Neat. I actually just did this for a game a couple of weeks ago. My approach was just slightly different, though. Instead of adding up the total odds in it's own variable, I just looped through the items, adding the last items odds to its own. So if I have item weights of [1, 2, 3] it becomes [1, 3, 6]. This makes it so that the last index is the total odds and removes the need to subtract anything from "n" because that's all precomputed. Would it make a difference? Probably not, but I thought it might be interesting to share
I've seen that in the wild once or twice, the math turns out the same but I think pre-adjusting the weights like this makes debugging a little harder if you (for example) print out the table and see (1, 3, 6) when you initialized it to (1, 2, 3)

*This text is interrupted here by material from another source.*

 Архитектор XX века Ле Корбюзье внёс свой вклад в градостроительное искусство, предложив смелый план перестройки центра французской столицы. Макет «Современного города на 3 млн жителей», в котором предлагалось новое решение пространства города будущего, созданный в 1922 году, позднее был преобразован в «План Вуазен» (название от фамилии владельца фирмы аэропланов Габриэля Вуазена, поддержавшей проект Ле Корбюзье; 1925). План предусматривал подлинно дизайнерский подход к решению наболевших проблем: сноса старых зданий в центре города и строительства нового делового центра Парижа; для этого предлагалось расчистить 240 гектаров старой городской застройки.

@@DragoniteSpam Well, the benefit is no subtraction inside the loop, but realistically this will make no measurable difference unless you have extremely large lists
Was expecting animation curves, but leaving disappointed. Regardless, great video! Always nice to have videos that answer common discord server questions.
I guess if you have large list of items, you could transform linear search to binary search 🤔 Give items prefix sum, then find location for random value. Doing this only makes sense when same weights are used multiple times, as creating prefix sum takes some time (required to be done once, so good if reused).
@@DragoniteSpam Yeah, for less than 10 items linear search is more than sufficient. I would imagine binary search would be useful for runtime generated lists, not specifically crafted ones. Like you have a large quantity of instances, and you want to pick a handful of them based on some attribute as the weight.